O projeto aprovado ontem tem 702 artigos e traz profundas modificações em vários dispositivos da atual legislação. Uma das inovações é a criação da figura do juiz de garantia, que controlará a legalidade da investigação criminal e será responsável pelos direitos fundamentais do acusado. Pelo Código de Processo Penal em vigor um mesmo juiz participa da fase de inquérito e profere a sentença. Com as mudanças propostas, caberá a um juiz dar garantias e atuar na fase da investigação, ficando o outro juiz do processo responsável pela tarefa de julgar.

Com relação ao júri, o texto permite que os jurados conversem uns com os outros, exceto durante a instrução e o debate.
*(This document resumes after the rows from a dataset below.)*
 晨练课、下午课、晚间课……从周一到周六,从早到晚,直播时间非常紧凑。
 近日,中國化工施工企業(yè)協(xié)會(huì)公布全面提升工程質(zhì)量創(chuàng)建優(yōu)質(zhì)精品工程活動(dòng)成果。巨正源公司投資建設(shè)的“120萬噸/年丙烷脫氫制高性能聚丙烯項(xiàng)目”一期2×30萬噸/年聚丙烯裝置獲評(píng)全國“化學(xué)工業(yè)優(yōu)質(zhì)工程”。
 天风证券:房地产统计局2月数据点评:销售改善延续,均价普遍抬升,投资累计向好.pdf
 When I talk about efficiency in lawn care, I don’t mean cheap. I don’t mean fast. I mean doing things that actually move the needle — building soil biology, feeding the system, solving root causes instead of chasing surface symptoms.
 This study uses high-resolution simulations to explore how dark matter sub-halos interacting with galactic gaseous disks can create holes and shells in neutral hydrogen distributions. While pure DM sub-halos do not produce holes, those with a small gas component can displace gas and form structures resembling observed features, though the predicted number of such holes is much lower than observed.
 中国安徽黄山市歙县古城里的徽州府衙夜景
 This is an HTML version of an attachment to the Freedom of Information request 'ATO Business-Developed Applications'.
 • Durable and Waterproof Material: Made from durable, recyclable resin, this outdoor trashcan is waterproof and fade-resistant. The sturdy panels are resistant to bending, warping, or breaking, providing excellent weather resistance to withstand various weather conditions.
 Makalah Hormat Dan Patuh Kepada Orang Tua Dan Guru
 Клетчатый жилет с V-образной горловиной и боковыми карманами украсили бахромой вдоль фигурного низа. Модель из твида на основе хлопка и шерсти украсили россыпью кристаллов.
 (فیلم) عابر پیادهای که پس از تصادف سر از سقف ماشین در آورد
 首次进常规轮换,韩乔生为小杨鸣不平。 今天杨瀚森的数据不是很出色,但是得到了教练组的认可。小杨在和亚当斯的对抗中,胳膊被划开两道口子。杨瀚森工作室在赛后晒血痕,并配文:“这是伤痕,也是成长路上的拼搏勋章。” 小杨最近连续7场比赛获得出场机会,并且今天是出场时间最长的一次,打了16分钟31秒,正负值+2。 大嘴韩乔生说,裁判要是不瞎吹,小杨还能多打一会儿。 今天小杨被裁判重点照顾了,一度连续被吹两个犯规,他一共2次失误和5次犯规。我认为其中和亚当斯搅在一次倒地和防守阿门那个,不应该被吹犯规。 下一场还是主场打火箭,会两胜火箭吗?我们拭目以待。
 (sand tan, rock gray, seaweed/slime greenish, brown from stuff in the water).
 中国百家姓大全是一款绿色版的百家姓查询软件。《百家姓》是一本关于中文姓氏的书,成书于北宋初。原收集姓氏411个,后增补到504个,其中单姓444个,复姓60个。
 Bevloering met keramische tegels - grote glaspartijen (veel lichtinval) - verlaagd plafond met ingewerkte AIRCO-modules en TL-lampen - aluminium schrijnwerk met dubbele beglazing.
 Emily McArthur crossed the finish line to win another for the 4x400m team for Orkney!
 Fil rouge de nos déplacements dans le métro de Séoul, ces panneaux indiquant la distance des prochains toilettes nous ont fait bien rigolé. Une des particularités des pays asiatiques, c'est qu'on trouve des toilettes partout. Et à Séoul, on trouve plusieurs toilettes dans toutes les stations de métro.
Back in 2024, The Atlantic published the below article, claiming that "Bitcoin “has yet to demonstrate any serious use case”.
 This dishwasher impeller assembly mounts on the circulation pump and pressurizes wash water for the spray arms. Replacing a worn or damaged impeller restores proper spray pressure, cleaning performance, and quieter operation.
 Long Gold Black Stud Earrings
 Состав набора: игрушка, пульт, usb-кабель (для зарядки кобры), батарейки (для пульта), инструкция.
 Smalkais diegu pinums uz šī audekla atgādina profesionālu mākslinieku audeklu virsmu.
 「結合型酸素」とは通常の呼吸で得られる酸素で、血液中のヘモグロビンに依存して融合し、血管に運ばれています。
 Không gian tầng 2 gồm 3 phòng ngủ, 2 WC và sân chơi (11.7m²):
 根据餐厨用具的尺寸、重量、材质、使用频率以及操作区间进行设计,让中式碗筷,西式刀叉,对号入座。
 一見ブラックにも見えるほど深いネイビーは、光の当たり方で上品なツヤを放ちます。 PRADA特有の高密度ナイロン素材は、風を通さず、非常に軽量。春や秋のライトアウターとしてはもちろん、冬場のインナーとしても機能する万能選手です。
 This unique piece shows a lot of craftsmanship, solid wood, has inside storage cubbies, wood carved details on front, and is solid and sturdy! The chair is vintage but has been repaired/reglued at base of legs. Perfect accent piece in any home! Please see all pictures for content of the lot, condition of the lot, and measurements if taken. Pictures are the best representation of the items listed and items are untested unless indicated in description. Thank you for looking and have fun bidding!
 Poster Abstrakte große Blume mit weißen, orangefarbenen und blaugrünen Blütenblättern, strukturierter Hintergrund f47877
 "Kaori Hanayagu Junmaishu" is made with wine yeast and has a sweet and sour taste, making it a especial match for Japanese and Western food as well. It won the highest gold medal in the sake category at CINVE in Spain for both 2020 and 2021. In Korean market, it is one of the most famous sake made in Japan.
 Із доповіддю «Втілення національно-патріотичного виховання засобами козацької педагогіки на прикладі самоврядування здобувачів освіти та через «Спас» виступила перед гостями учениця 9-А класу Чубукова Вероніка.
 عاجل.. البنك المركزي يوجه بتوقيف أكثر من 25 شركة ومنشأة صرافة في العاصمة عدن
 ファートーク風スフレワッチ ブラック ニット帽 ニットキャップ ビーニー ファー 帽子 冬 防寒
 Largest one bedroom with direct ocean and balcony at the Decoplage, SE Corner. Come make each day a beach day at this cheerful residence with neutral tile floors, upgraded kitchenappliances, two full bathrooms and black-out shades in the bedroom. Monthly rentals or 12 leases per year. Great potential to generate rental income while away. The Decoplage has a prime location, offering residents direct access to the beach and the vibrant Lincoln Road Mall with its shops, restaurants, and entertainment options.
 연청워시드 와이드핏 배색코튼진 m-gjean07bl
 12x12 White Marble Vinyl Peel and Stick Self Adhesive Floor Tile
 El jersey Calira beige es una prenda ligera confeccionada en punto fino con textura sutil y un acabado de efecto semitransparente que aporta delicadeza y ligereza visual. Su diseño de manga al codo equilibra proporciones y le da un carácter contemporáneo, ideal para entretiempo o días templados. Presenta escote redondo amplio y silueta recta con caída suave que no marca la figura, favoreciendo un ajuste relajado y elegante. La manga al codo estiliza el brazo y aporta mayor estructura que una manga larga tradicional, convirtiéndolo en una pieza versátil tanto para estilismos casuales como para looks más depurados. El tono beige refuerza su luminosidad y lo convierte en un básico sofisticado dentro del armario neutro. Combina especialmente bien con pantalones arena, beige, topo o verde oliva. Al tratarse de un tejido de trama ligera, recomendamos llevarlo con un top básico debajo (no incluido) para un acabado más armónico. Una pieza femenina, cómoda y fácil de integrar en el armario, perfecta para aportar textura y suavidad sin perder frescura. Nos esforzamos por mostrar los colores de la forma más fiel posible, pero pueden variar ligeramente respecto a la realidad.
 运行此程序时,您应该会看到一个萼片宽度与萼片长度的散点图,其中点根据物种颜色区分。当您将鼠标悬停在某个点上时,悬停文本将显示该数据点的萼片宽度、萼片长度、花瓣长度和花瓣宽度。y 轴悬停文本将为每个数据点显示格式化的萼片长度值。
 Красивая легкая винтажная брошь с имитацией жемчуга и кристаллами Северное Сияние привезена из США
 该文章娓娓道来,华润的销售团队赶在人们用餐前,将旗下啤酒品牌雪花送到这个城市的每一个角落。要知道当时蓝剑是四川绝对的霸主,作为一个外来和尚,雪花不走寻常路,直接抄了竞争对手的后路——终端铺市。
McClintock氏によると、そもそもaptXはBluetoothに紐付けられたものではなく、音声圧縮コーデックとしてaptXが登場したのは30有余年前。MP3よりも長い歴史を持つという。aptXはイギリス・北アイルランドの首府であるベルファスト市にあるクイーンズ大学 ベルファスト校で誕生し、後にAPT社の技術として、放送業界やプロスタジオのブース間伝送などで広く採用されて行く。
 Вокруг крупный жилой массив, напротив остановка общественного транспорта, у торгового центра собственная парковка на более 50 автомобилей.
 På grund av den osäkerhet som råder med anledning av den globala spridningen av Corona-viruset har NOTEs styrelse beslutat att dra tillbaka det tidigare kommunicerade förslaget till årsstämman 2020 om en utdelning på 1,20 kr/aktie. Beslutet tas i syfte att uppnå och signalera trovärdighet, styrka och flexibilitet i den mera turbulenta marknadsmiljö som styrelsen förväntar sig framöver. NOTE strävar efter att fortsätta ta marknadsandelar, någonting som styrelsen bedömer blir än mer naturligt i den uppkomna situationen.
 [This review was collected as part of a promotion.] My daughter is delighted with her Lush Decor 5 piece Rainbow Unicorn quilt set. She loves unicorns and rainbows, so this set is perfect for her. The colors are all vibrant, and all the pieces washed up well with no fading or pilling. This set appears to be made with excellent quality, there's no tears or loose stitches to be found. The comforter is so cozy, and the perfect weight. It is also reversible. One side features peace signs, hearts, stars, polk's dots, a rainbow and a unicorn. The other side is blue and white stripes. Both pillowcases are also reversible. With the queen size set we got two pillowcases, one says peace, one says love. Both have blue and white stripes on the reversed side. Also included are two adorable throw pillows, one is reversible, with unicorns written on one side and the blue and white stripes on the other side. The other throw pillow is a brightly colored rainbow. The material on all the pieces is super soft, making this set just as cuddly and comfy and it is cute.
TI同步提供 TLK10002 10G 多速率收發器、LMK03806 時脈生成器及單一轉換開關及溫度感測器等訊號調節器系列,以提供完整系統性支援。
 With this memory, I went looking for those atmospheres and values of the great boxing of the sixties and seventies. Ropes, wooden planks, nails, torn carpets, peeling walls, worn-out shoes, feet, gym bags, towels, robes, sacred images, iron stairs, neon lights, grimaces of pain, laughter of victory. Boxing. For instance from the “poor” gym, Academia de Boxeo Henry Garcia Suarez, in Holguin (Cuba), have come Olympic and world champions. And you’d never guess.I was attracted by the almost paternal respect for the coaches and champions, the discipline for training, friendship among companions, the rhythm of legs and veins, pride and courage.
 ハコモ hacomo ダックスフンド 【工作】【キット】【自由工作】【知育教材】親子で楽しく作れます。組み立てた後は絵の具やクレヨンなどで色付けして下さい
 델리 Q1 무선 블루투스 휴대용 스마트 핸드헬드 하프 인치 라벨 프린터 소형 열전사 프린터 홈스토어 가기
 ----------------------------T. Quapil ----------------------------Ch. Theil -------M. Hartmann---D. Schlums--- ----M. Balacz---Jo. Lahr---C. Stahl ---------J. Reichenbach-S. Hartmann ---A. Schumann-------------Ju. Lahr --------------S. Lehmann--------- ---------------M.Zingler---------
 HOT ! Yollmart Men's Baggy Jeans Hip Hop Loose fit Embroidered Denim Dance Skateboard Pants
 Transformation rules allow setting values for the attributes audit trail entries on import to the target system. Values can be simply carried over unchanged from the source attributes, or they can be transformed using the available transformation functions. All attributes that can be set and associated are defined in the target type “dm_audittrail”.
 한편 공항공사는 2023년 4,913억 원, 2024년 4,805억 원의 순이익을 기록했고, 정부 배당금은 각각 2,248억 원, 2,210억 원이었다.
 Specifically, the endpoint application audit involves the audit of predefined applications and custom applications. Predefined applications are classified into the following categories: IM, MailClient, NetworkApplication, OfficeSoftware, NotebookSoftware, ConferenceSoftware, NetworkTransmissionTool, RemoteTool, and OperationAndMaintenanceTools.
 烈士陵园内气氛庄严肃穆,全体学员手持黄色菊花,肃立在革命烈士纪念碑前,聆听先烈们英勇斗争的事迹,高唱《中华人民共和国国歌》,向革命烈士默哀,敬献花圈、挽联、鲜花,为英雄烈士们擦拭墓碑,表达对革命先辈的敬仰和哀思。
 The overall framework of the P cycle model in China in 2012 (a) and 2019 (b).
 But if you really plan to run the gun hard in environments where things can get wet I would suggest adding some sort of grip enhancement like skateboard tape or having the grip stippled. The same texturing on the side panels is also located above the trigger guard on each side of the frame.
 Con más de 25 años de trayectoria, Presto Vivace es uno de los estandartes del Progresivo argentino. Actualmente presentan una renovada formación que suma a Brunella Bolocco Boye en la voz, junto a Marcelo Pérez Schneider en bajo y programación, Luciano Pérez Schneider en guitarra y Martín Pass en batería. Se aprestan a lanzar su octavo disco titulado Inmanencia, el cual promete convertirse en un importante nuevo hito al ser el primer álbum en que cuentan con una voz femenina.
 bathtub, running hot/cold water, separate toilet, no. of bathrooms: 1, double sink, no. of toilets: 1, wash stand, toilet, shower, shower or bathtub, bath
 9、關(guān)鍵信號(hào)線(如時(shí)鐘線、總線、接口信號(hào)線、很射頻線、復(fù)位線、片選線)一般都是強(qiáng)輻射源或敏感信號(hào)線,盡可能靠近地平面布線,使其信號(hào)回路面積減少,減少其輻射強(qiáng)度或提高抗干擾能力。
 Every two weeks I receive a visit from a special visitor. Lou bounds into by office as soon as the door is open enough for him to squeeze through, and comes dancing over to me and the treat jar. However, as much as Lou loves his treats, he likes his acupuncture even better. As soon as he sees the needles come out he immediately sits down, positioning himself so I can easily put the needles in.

O voto de cada jurado, porém, continua sendo secreto. A vítima passa a ter direitos como o de ser comunicada da prisão ou soltura do autor do crime, da conclusão do inquérito policial e do oferecimento da denúncia, além de ser informada do arquivamento da investigação e da condenação ou absolvição do acusado. A vítima também poderá ter acesso ao desenrolar do processo e terá o direito de se manifestar sobre ele.

O projeto modifica ainda regras relacionadas às modalidades de prisão provisória, que ficam limitadas a três tipos: flagrante, preventiva e temporária. O uso de algemas ou o emprego de força ocorrerá somente quando forem considerados indispensáveis, nos casos de resistência ou de tentativa de fuga do preso.